Con fastidio por su parte, Jovellanos hubo de poner a Morico al tanto sobre lo tratado hasta entonces.

—¿Thiulen? —exclamó Morico levantándose de un salto del asiento nada más oír ese nombre de labios de Jovellanos—. ¿El
interfector
es Lorenzo Ignacio Thiulen...?

Para asombro de todos los presentes, el médico puso los ojos en blanco y cayó sin sentido, de tal suerte que se quedó sentado y despatarrado en su silla. De inmediato varios se arremolinaron a su alrededor. Trataron de reanimarle en vano. Gutiérrez incluso le abofeteó con su mano buena. Desesperada por la necedad de los hombres, Mariana se hizo con el maletín de Morico, extrajo un frasco con sales y, colándose entre tanto inútil, se lo pasó por debajo de la nariz.

Una vez recobrado el sentido, y con una copa de jerez en las manos, Morico explicó la razón de su desvanecimiento. Habló observado atentamente por los demás, que habían formado un corro en torno a él.

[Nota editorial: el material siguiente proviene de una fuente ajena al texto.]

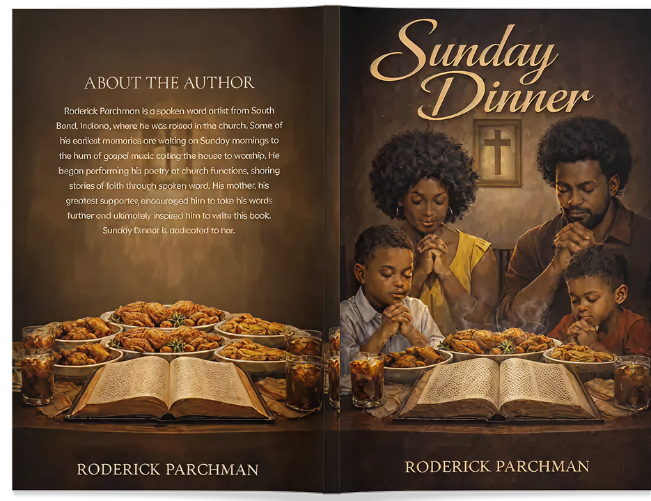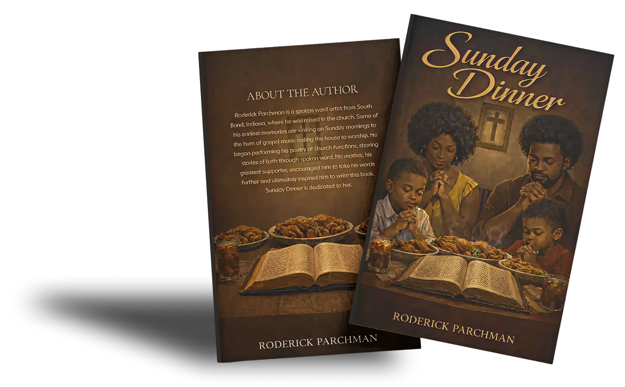 Immerse yourself in the powerful, soul-stirring journey of Roderick Parchman’s Sunday Dinner, a raw collection of spoken-word poetry that captures the deeply personal story of faith, grief, and redemption.
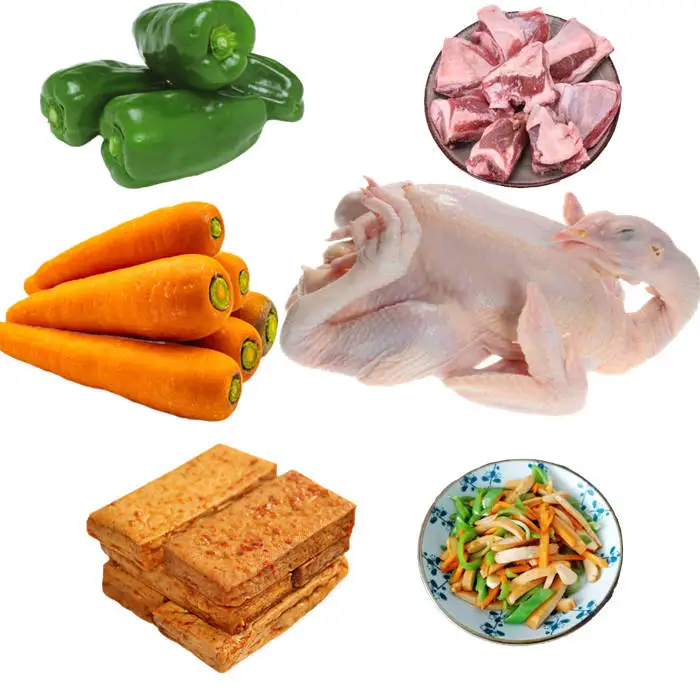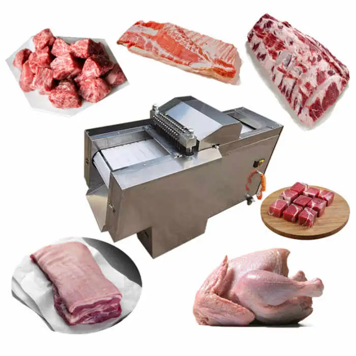 The machine is designed to cut chicken, goat, and beef into uniform cubes.

Resultaba que conocía a Thiulen; es más, que en un tiempo se había considerado amigo de él. No había muchos médicos en Sevilla, de modo que todos se relacionaban entre sí más o menos. Con Thiulen había establecido amistad en 1762, durante una estancia de ambos en Cádiz para asistir a las clases de cirugía que impartía el reputado cirujano Pedro Virgili en la Academia de la Armada. Thiulen había encontrado cierta resistencia por parte de sus superiores para que concurriese a dichas clases, pues consideraban que el oficio de cirujano no tenía nada que ver con la medicina, sino más bien con la práctica del carnicero. Pero él era un hombre obstinado, que alcanzaba cuanto se proponía.